Electron holography, a transmission electron microscopy (TEM) technique, can be used to image a material's crystal lattice, delivering valuable insights into the material's electrostatic potential. Crystal lattices, which are determined by the chemical structure of the atoms that make them up, provide information about a material's properties. Previously, images obtained using electron holography contained too much noise to determine the role of a single atom in a material's structure. However, researchers at Leti recently developed a method that fills this gap.
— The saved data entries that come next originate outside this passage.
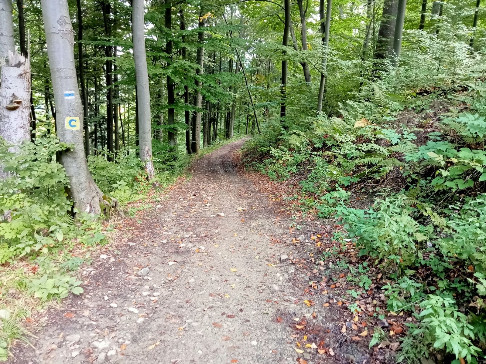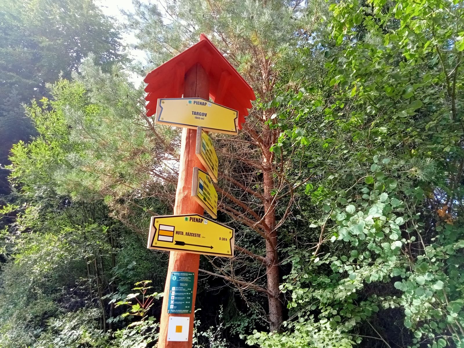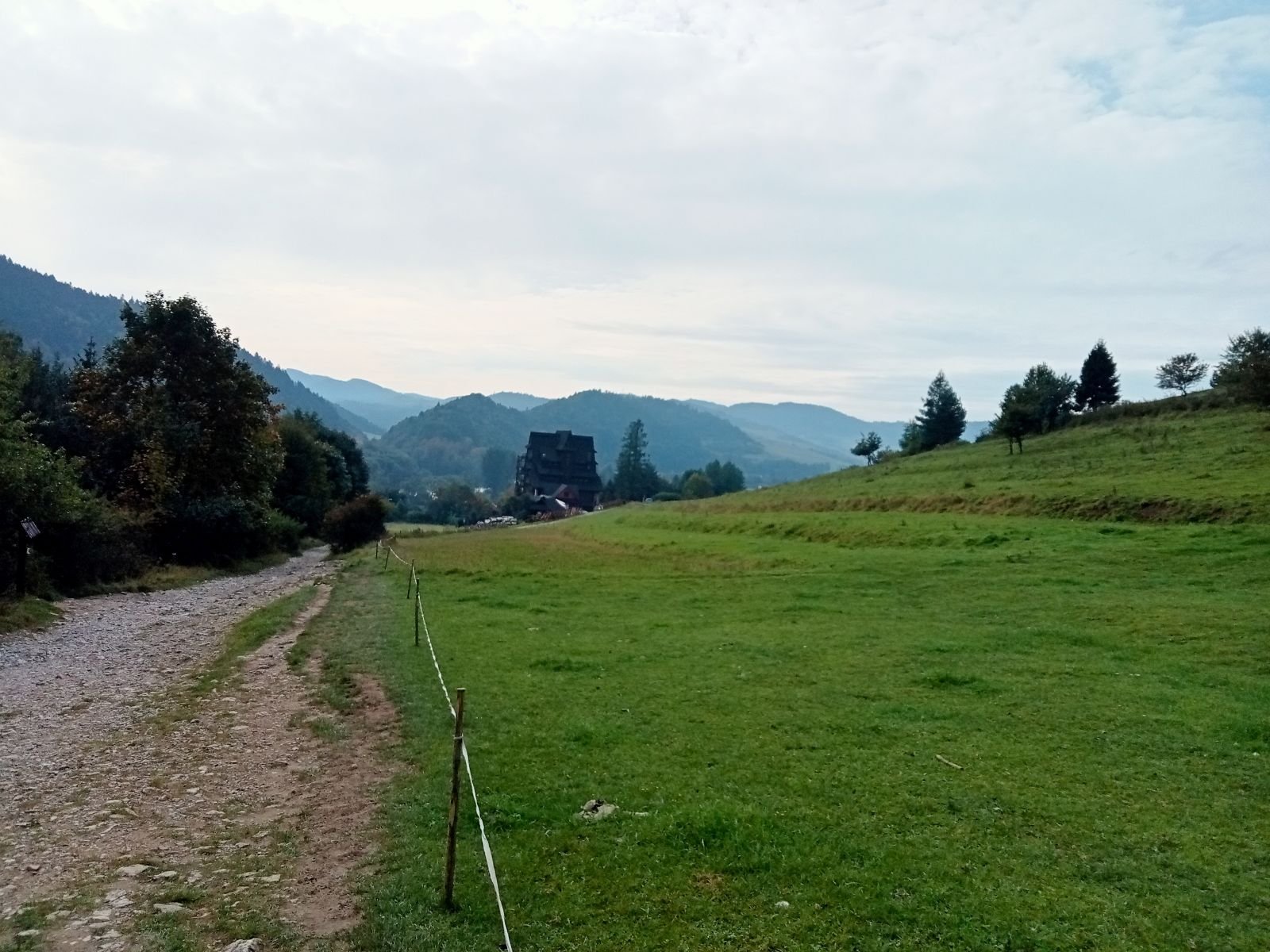 Jesteśmy przy Centrum turystycznym, obok schronisko turystyczne (Chata Pieniny). Wyszło w końcu długo oczekiwane słońce, turystów przy schronisku nie brakuje. Z tego miejsca cofamy się ok 300 metrów i wybieramy żółty szlak na Palenicę, choć do Szczawnicy szybciej byśmy doszli idąc dalej niebieskim szlakiem. Podejście na Palenicę dość łagodne, nie ma tragedii.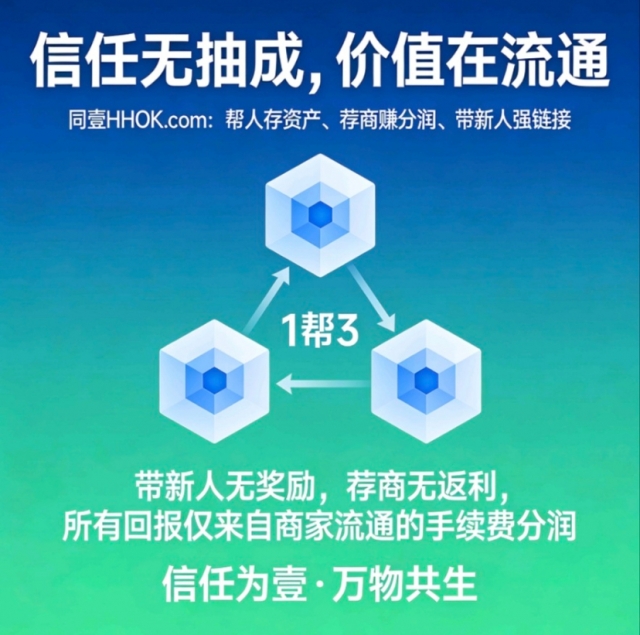同壹用“帮人存资产、荐商赚分润、带新人强链接”,让信任从个人善意变成“1帮3”裂变的生态能量——带新人无奖励,荐商无返利,所有回报仅来自商家流通的手续费分润。1帮3裂变的是信任网络,积累的是链接力信任值,最终实现“信任为壹·万物共生”。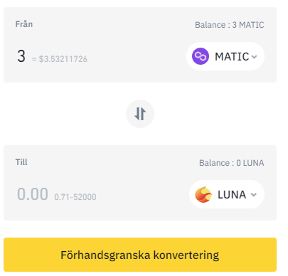 Här visas hur du kan köpa Matic på svenska kryptobörsen Trijo och därefter växla dessa till Terra Luna Classic via en kryptoplånbok.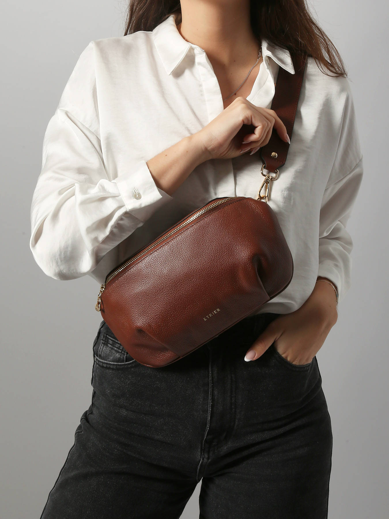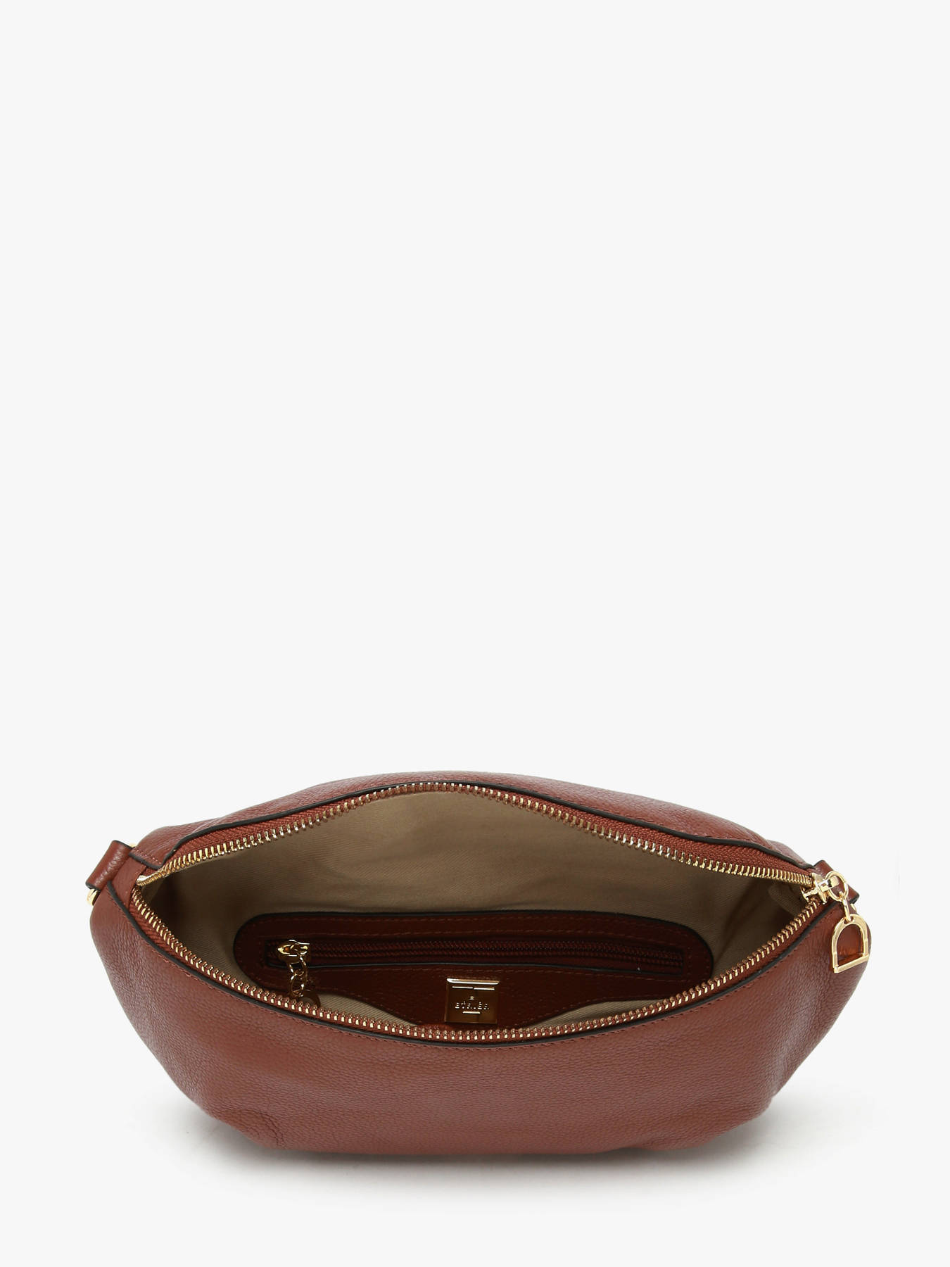 The maxi ETRIER belt bag from the TRADITION line is adorned with gold metal accessories and is available this season in trendy pastel colors. Made of cowhide leather, it features a back pocket and closes with a zipper. The wide removable and adjustable leather shoulder strap allows for wearing it crossbody. The spacious interior includes a compartment with a zip pocket and two patch pockets for optimal organization.

To reduce the amount of noise in images, the researchers combined several images to obtain a single one offering greater precision. Combining holograms is much more complex than combining conventional images—it requires sophisticated image processing capabilities. The researchers had to modify the equipment to enable the capture of a suitable series of holograms and develop image processing software to combine the holograms captured.
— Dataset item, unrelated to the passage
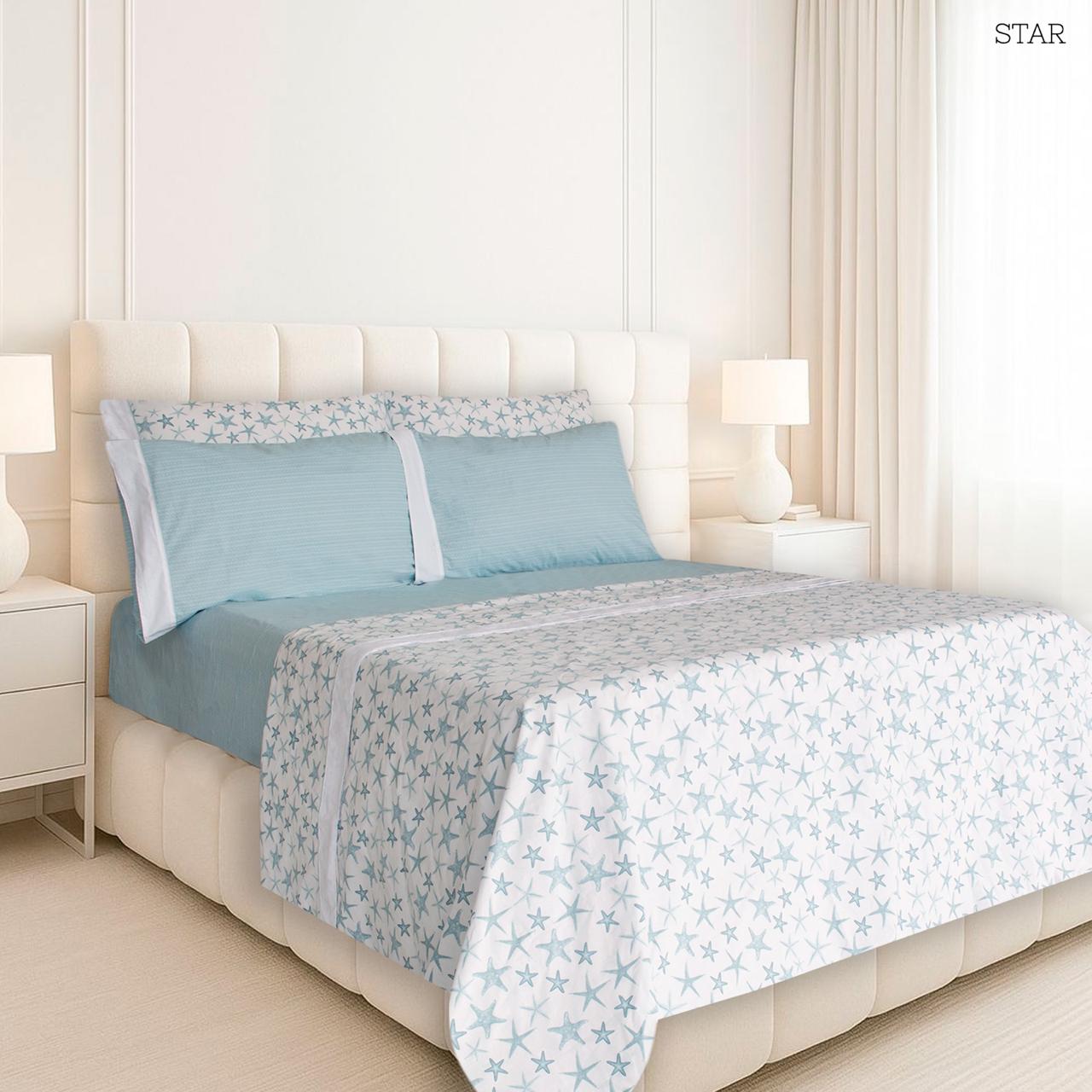 Medida: para cama de 2X2 MTR incluye: 1 sobre sábana de 230cm X 245cm + 1 sábana ajustable de 160cm X 190cm X 30cm de cajón + 2 fundas para almohadas de 50cm X 75cm. Dom flow gulu star zele.

The method was tested on single-layer MoS2, where it was used to generate images that let the researchers see the electrostatic potential of a single sulfur atom vacancy with a resolution of less than 1 angstrom. Because it provides insights into the chemical nature of an atom, the method could bring real benefits to the microelectronics industry, where it could be used to map semiconductor dopants very locally or to observe defects in a nanostructure due to extra or missing atoms at specific locations. Finally, the method will improve the reliability of magnetic or electrical field images as well as strain maps measured by electron holography, while providing high sensitivity.